День намечался серый и ветреный. Ветер гнал по небу тучи, как родители упрямых детей в школу. Поежившись, я быстро докурил сигарету и поспешил вернуться в относительное тепло коттеджа.
Воспоминания вчерашнего дня уже становились неясными и размытыми. Я вытащил Эбби-Глазки из шкафчика. При дневном свете она выглядела безобидно. Просто старая сломанная кукла. Немного потрепанная и не слишком любимая. Прямо как я сам.
Мне стало стыдно оттого, что я сунул ее под раковину. Словно в оправдание я взял куклу, отнес ее в гостиную и посадил в кресло, а сам уселся на диван и продолжил пить свой кофе. Так мы и сидели вместе, Эбби-Глазки и я, наслаждаясь утренним отдыхом.
Я пробовал набрать Брендана еще пару раз, однако ответа по-прежнему не было. Тогда я перечитал газетную статью об Эмили Райан. Однако и с утра она казалась столь же бессмысленной, как и вечером. Тогда я попытался отвлечься проверкой домашних заданий учеников. Проверив примерно половину работ, я осознал, что только что написал «Етитская сила, нет!!!» около одного особо нелепого абзаца, и сдался.
Я взглянул на часы: 9: 30 утра. Мне не слишком хотелось бесцельно шататься по коттеджу весь день, а занять себя было нечем.
Выбора не оставалось.
Я решил пойти прогуляться.
Первые попытки добывать уголь в Арнхилле начались еще в XVIII веке. На протяжении двухсот лет шахта росла, расширялась, сносилась, отстраивалась и модернизировалась.
Вокруг нее строили свои жизни тысячи шахтеров и их семьи. Для них это была не просто работа. Это был их образ жизни.
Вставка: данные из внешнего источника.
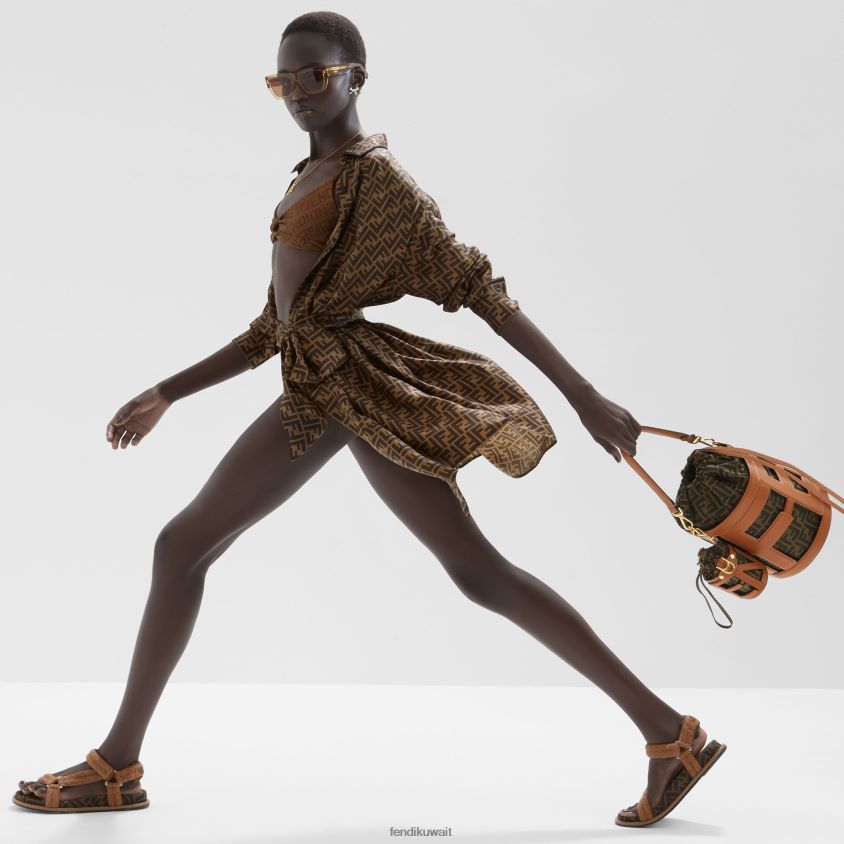 حقيبة دلو نانو مصنوعة من الجلد البني مع حجرة داخلية مبطنة بقماش الجاكار بنقش ff باللون البني والتبغ. يتم تحديد الشكل الأسطواني للحقيبة من خلال حروف فندي المصنوعة من الجلد البني.
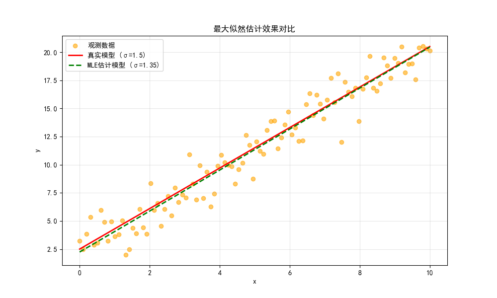 print(f"MLE估计参数:截距={theta_mle[0]:.2f}, 斜率={theta_mle[1]:.2f}, 噪声σ={theta_mle[2]:.2f}")
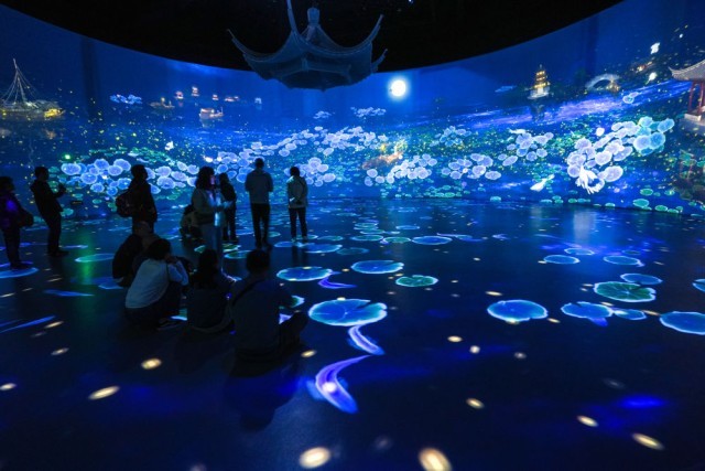 2024年4月23日,游客在江苏扬州中国大运河博物馆参观游览。
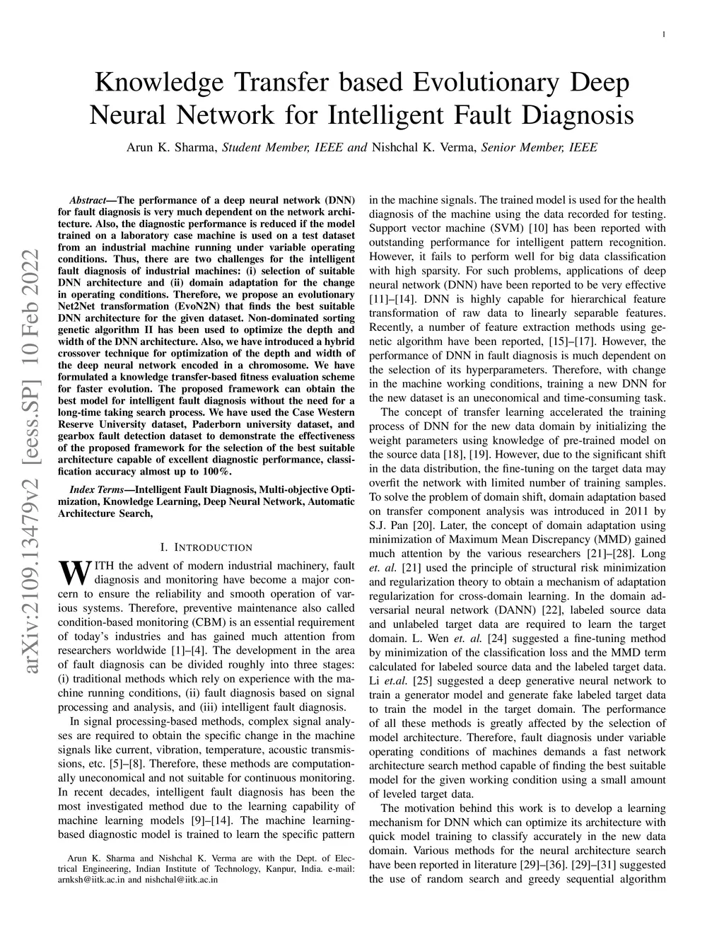 A faster response with commendable accuracy in intelligent systems is essential for the reliability and smooth operations of industrial machines. Two main challenges affect the design of such intelligent systems: (i) the selection of a suitable model and (ii) domain adaptation if there is a continuous change in operating conditions. Therefore, we propose an evolutionary Net2Net transformation (EvoN2N) that finds the best suitable DNN architecture with limited availability of labeled data samples. Net2Net transformation-based quick learning algorithm has been used in the evolutionary framework of Non-dominated sorting genetic algorithm II to obtain the best DNN architecture. Net2Net transformation-based quick learning algorithm uses the concept of knowledge transfer from one generation to the next for faster fitness evaluation. The proposed framework can obtain the best model for intelligent fault diagnosis without a long and time-consuming search process. The proposed framework has been validated on the Case Western Reserve University dataset, the Paderborn University dataset, and the gearbox fault detection dataset under different operating conditions. The best models obtained are capable of demonstrating an excellent diagnostic performance and classification accuracy of almost up to 100% for most of the operating conditions.
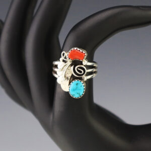 This ring is a great representation of hand made Navajo jewelry and will make a statement on your hand. Beautiful pieces of Turquoise and Coral are set into a sterling silver setting. Weighs 4 grams. Size 8. Signed 9/16″ wide x 13/16″ long The Navajos began working with...
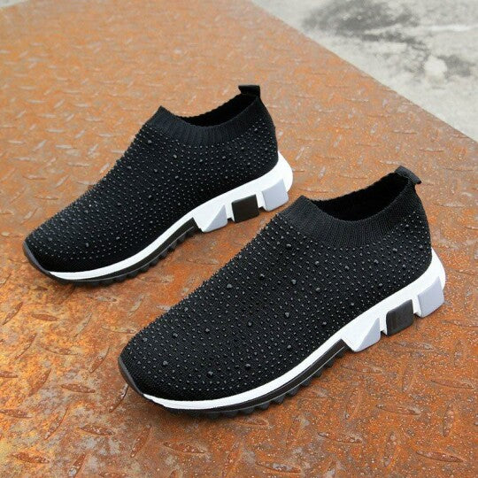 Zapatillas De Mujer Negras Sin Cordones Con Diamantes De Imitación
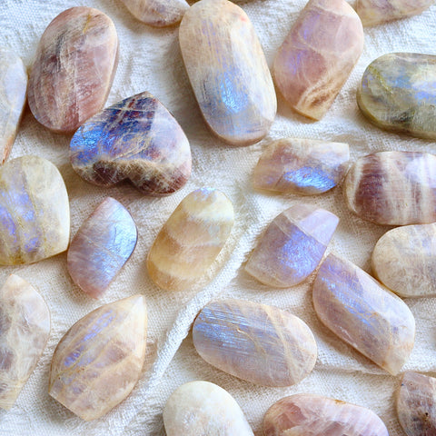 Hold moonlight in your hands with this White Moonstone Palm Stone, a smooth 70g (5-7cm) disc polished to reveal mesmerizing blue adularescence that glides across its milky surface like celestial waves. Perfect for meditation, emotional balance, and enhancing feminine energy.
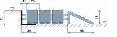 - Rohož je možné v úrovni podlahy uložit do připraveného zapuštěného otvoru osazeného hliníkovým rámem šířky 30, výšky 20 a tloušťky 3 mm nebo nerezovým rámem šířky a výšky 20, tloušťky 3 mm.
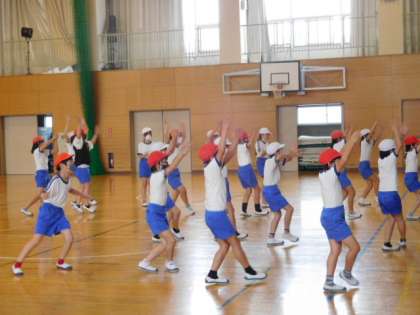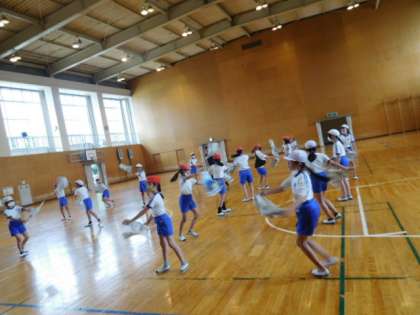 5年生体育です。ダンスの練習です。覚えるのがとにかく早い。息のぴったり合ったダンス、かっこいいです。
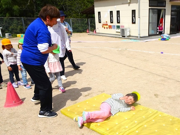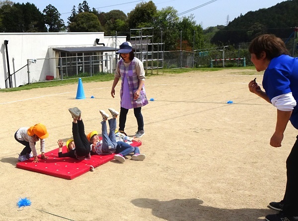 ガッツ体育教室がありました。6月1日(土)の運動会に向けての練習です。岡本先生から子どもたちが楽しみにしていたはじめてのパラバルーンの動きやマット運動も行われました。子どもたちの様子をご覧ください。

Будь Арнхилл живым организмом, шахта была бы его бьющимся, дымящимся и ревущим сердцем.
Когда шахта закрылась, сельсовету понадобилось меньше двух лет, чтобы вырвать это сердце, хотя к тому моменту оно уже давно перестало биться. Сажа и дым больше не текли по артериям Арнхилла. Строения разрушались и становились жертвами вандалов. Мародеры разворовывали металл и оборудование. В каком-то смысле машинисты, приехавшие сносить шахту бульдозером, совершили акт милосердия.
В конце концов от нее не осталось ничего. Кроме глубокого шрама в земле, который всегда будет напоминать о том, что было утрачено. Некоторые семьи уехали в поисках работы. Другие, как мой отец, приспособились. Деревня, ковыляя, с трудом начала возрождаться. Однако некоторые шрамы никогда по-настоящему не заживают.
Передо мной раскинулся неровный ландшафт, поросший дикими цветами и травой. Сложно поверить, что когда-то здесь стояли огромные промышленные сооружения, а под землей до сих пор скрывались шахтные стволы и оборудование, брошенное там, потому что его было слишком дорого поднимать на поверхность.
Но не только они таились в глубине. Земные недра были потревожены еще до строительства шахты, до того как в них стали вгрызаться машины. Под землей были сокрыты свидетельства иных традиций, уходящих корнями во времена основания деревни.